Preferably, the method comprises the steps of,the larger the bit width of the table is, the higher the accuracy of the reciprocal calculation estimation value is, the more resources are occupied by table lookup, and the table lookup depth below 12-bit addresses is adopted. />
Preferably, the LU parallel computing scheduling controller transmits and stores LU decomposition computing results to the output L matrix register group and the U matrix register group respectively according to the first-come-first-served principle, and if the LU decomposition computing results arrive at the same time, the LU decomposition computing results are stored according to the number sequence number from small to large.
Preferably, the present invention discloses and provides a space target feature on-orbit real-time parallel LU decomposition computing system and method, which has the following beneficial effects compared with the prior art:
1. the hardware parallel computing system designed by the invention can be suitable for programming application of digital logic devices, the design architecture considers the maximum executable frequency in the hardware digital logic design process, the occupied resources are limited, and the stored matrix data can be subjected to 1:1 real-time LU decomposition processing.

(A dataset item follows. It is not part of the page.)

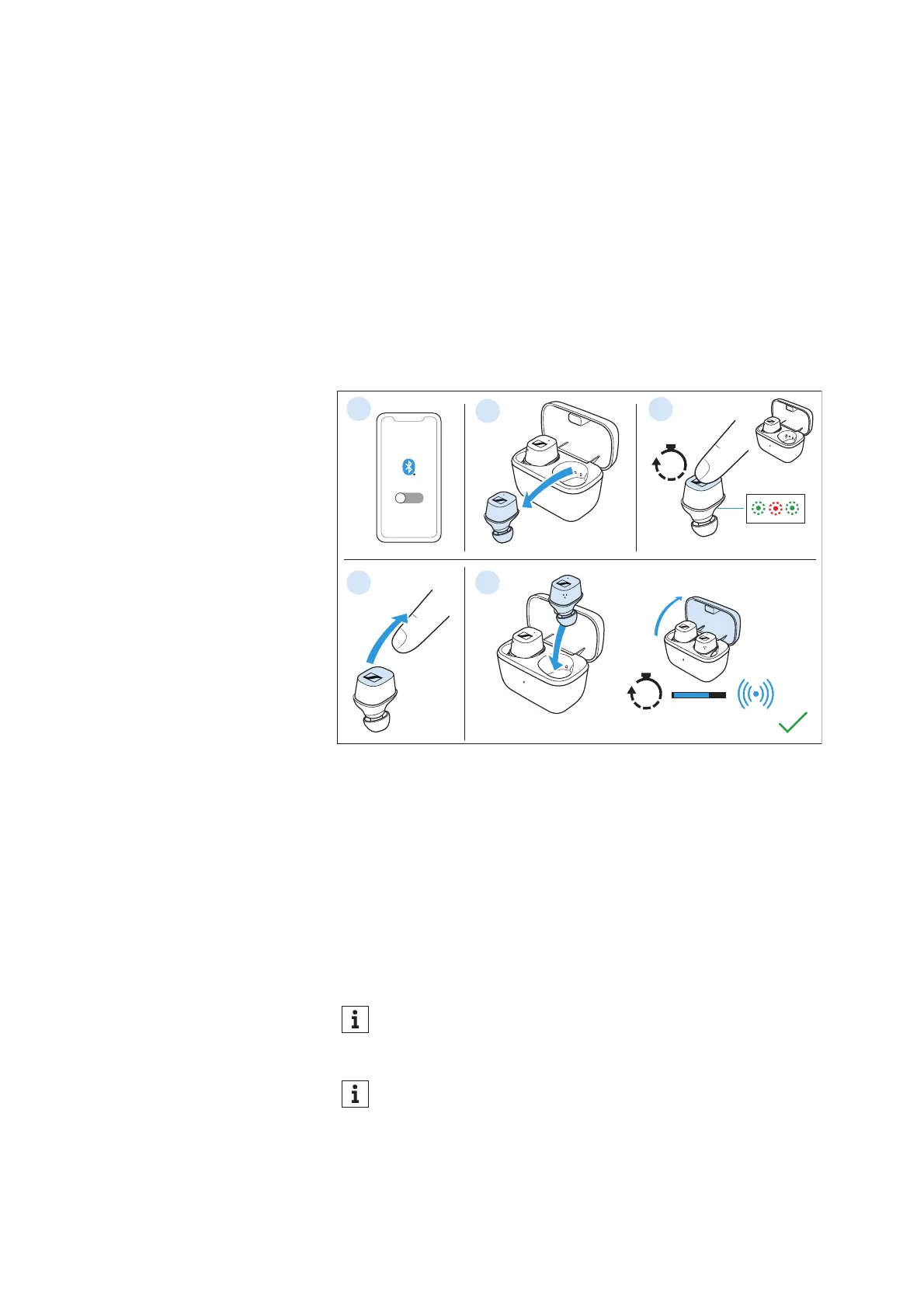 The right and the left earbud are paired with each other upon deliv-

2. The invention uses a computing unitThe gating signals in the system realize that different data are subjected to LU decomposition calculation under a unified architecture, and adapt to parallel calculation application of targets with different sizes.
3. The invention adopts fixed-point calculation, adopts a mode of combining table look-up and expansion approximation for division operation, saves hardware resources, improves calculation precision, and is suitable for application of large, medium and small digital logic devices.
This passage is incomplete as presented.